Friday, February 08, 2008

Hate: Not Having any Musical Ability

You know how some people can sing and play the piano or guitar or cello or flute or the sousaphone or even the cow bell? And it sounds like music? You know - those people that actually have a right side of their brain? Yeah, well, I'm not one of them and it kind of sucks. I couldn't sing my way out of a paper bag. I couldn't carry a tune if it had a handle. I can't play the spoons, let alone a sousaphone! So I'm kind of jealous of people who can actually make music that doesn't sound like a cat being strangled. Not that I dislike the sound of a cat being strangled but it just doesn't have the same appeal as a good Eddie Van Halen guitar solo.

Mind you, it's not for lack of trying. My mom used to give me piano lessons when I was a wee lad. She would knock on the door pretending to be the teacher coming to the house (she was a little out there sometimes) and I can still picture the red book of beginner lessons that she would "bring" with her to the lesson. She'd try to teach me middle C and sharps and flats and stuff and it just didn't sink in. I was more fascinated with the cool metronome thing - it made better music than I ever did! Anyway, I'm clearly scarred emotionally by this experience with my mother and someday when the police psychologist is trying to talk me down from the ledge it will all make sense.

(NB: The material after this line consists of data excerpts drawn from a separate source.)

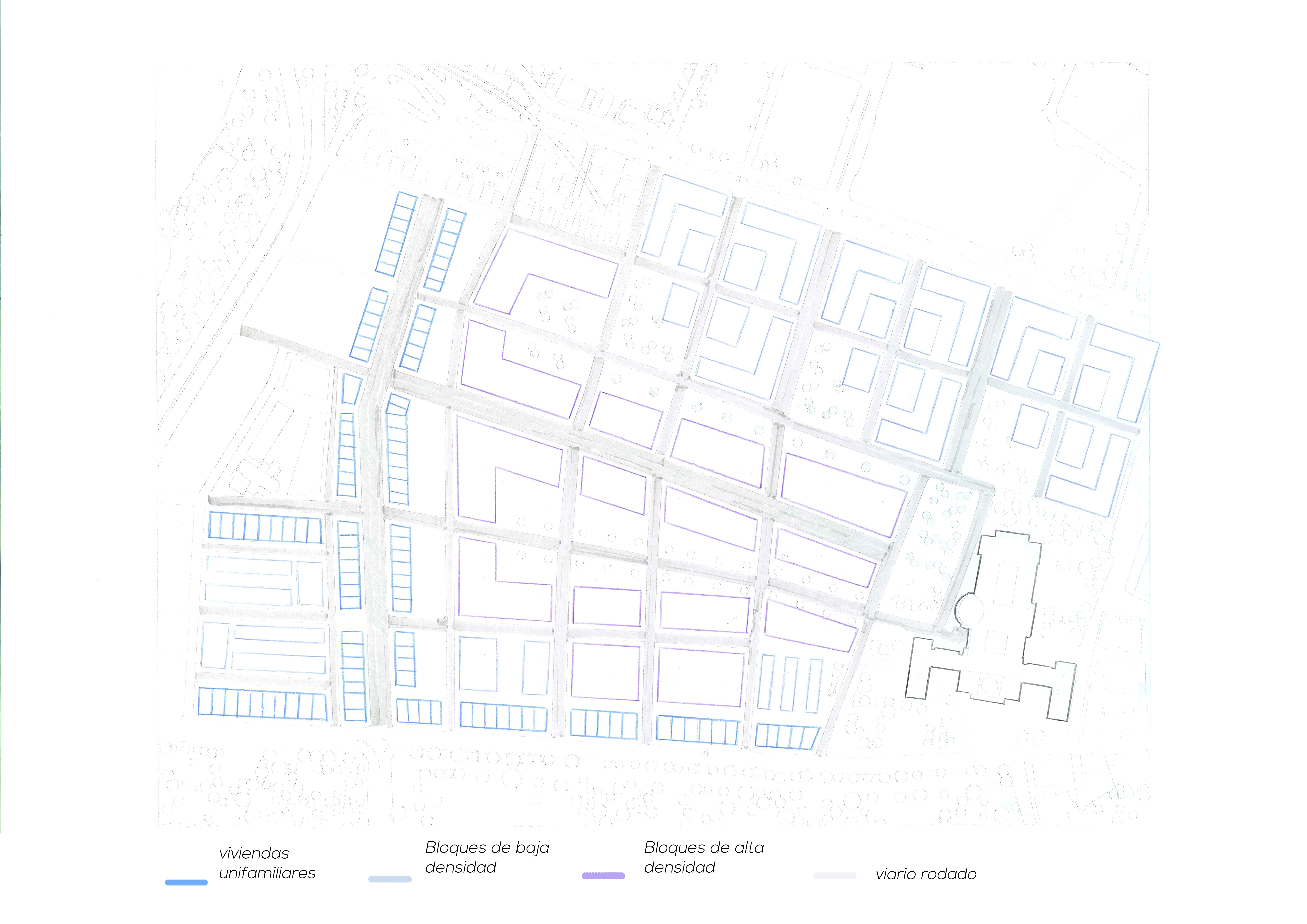 Hemos continuado calles que aparentemente se interrumpían sin sentido alguno, creando así manzanas que no se adaptaban a las viviendas preexistentes. Se introducen dos nuevas tipologías de viviendas, distinguiéndose bloques de alta densidad, bloques de baja densidad y viviendas unifamiliares.
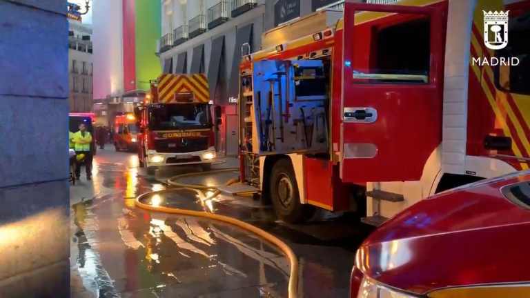 Bomberos del Ayuntamiento de Madrid han continuado trabajando en el incendio que se ha producido en una vivienda del número 19 de la calle Tetuán, en las inmediaciones de la Puerta del Sol. SAMUR-Protección Civil está en preventivo y la Policía Municipal de Madrid ha acordonado la zona, según ha informado Emergencias Madrid.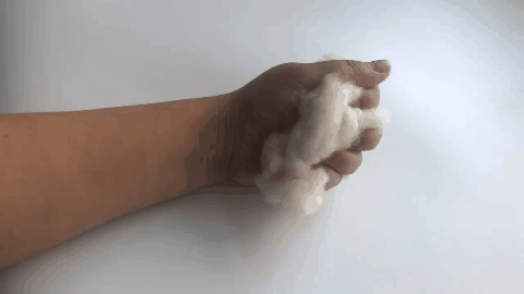 お洒落度UP暖かさUP本来持つカシミヤのフワっとを引き出す糸への特殊加工がすごいこちらはカシミヤの糸になる前段階の整毛(原毛から汚れや糸の選別が終わった状態)です。見て下さい、このふわふわ、もふもふの感じ。雲のような整毛ですね。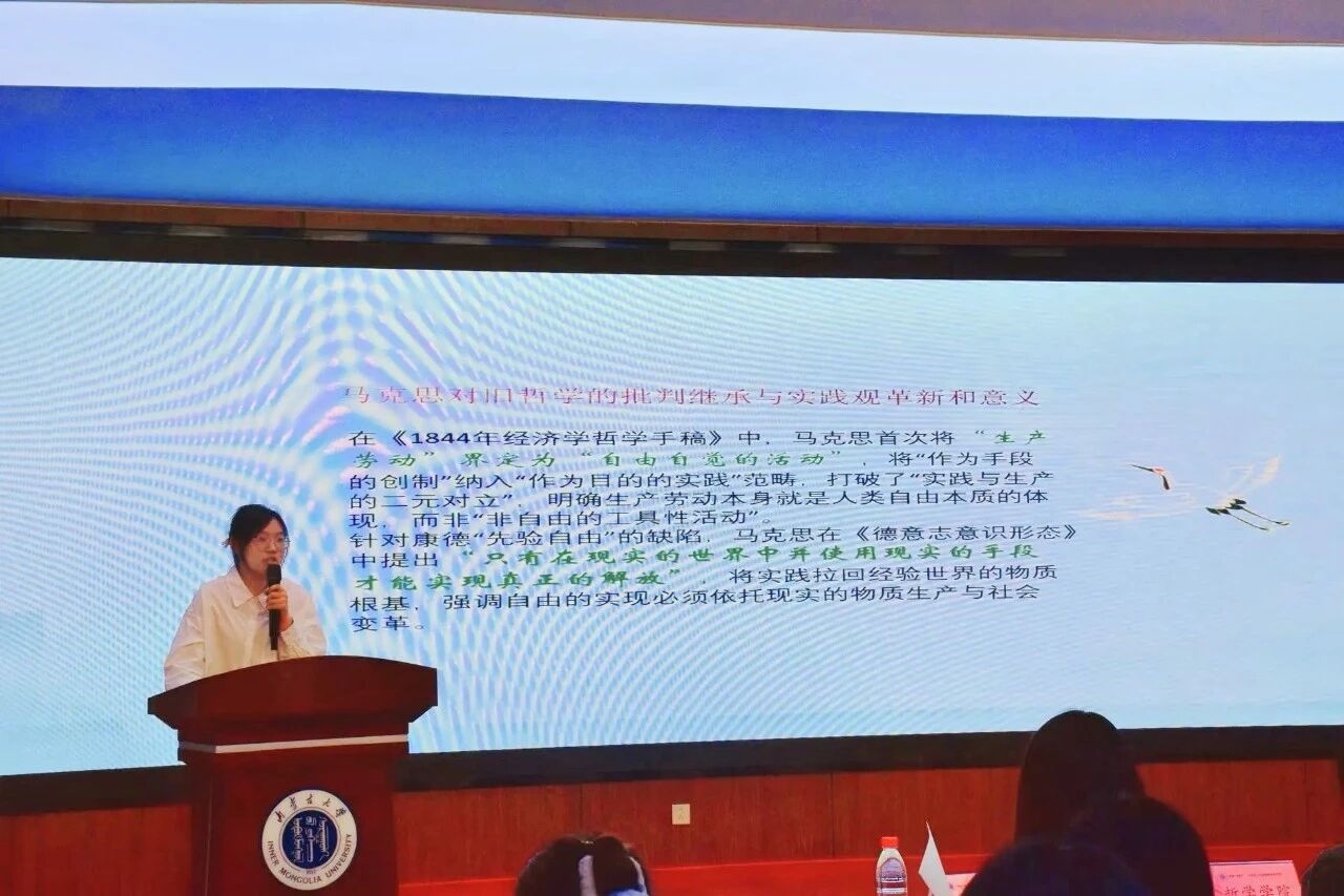 内蒙古大学2024级文史哲基地班贠玉涵围绕 “实践是必然王国向自由王国转变的关键”,系统阐释马克思主义实践理论对传统哲学的超越,明晰自由与必然的辩证关系。
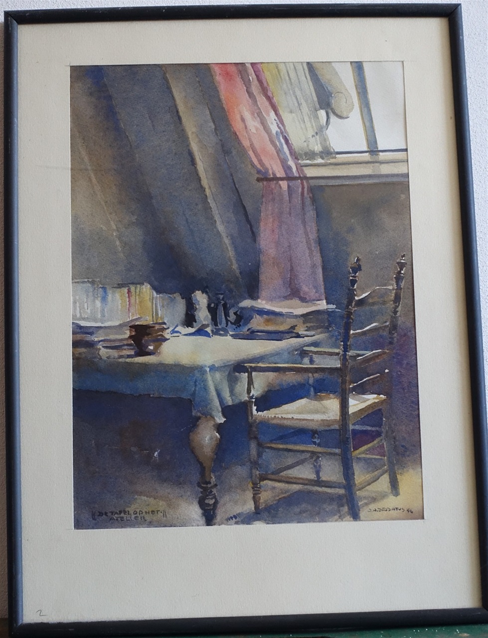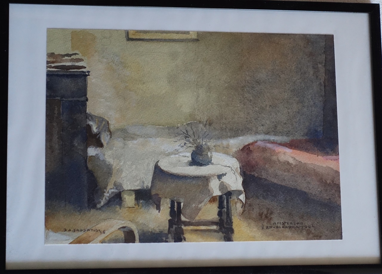 aquarel, 1946, de nieuwe gezamelijke zolderkamers op de Frans van Mierisstraat te Amsterdam.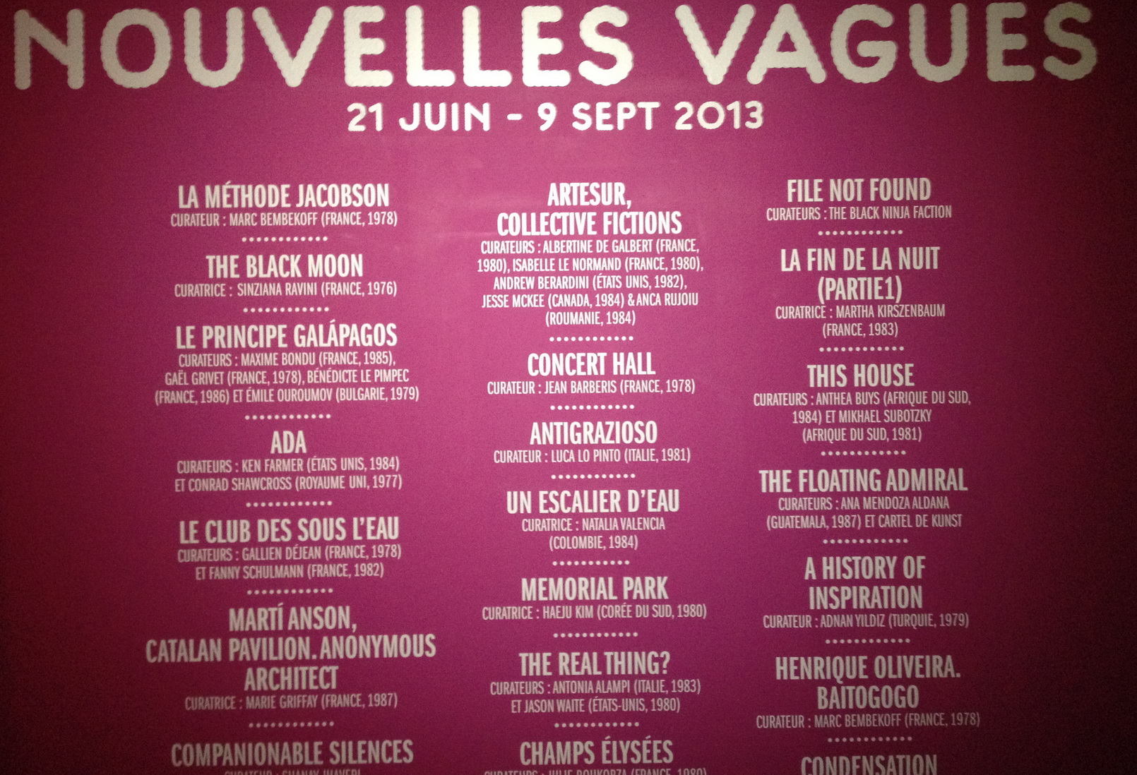 Catégories : art contemporain, conférences art & @rt Comments: Commentaires fermés sur « Nouvelles Vagues » au Palais de TOKYO………………………… »The Black Moon » 20 juin au 1er Septembre 2013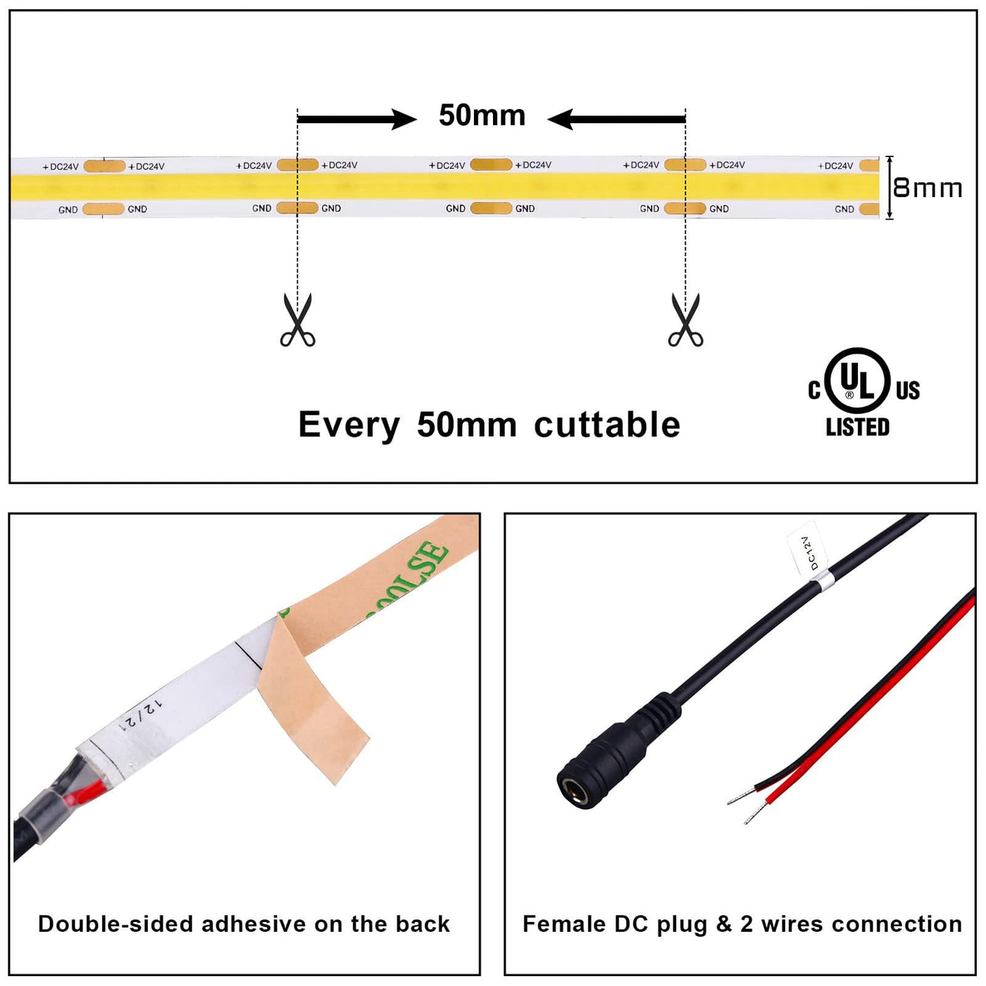 Q: Can I cut the COB LED strip to fit my space?A: Yes, the COB LED strip can be cut every 50mm along the black line, allowing for customization to fit your desired length and space requirements.

But my mom refused to give up on me and forced me into band starting in the 4th grade. I knew there was no way I could tackle anything more melodic than a tambourine but, get this, I couldn't even master the drums! Now, in 4th grade band, the drummer isn't exactly wailing away on a drum kit a la Tommy Lee so for me to suck at just keeping time on a bass drum is pretty frickin' pathetic! And so, like any true champion, I quit. Somewhere, Pavarotti breathed a sigh of relief that some dumb kid in America wasn't fouling the world of music.

My last effort to create any music was to purchase a harmonica. How hard can it be to play a harmonica?! One of the reasons that rock and rollers give for joining a band in the first place is to get babes. I'm all for gettin' babes so imagine the chicks I could get by whipping out my trusty harmonica while sitting around the campfire! Turns out that the harmonica makes one note by blowing and a different note by sucking. Who knew? So, because the chicks prefer actual music than just miscellanous notes strung together and, considering that I hate camping I wasn't hanging around campfires any too often, the harmonica did little to increase the number of notches in my bedpost. The only blowing and sucking going on was by me and it was only adding to the noise pollution in the world. Bugger!

Thus, I am frustrated that I can't get on stage and play the opening guitar riff from Satisfaction. Look how sweet Keith is looking in the pic above! Who wouldn't want to look like that? I'm forced to limit my screaming/singing/air guitaring/drumming to the confines of my car where no one can get hurt. I used to sing a little bit of The Doors to my youngest to try to get him to sleep but now that his eardrum is fully developed he tells me to just read a Dora the Explorer book instead. Just because my daughter can play Three Blind Mice on the recorder, she thinks she can tell me to stop singing Radar Love! If she's not careful, I'll bust out my harmonica and "play" Amazing Grace and show her just how awful I can be! Damn ingrates!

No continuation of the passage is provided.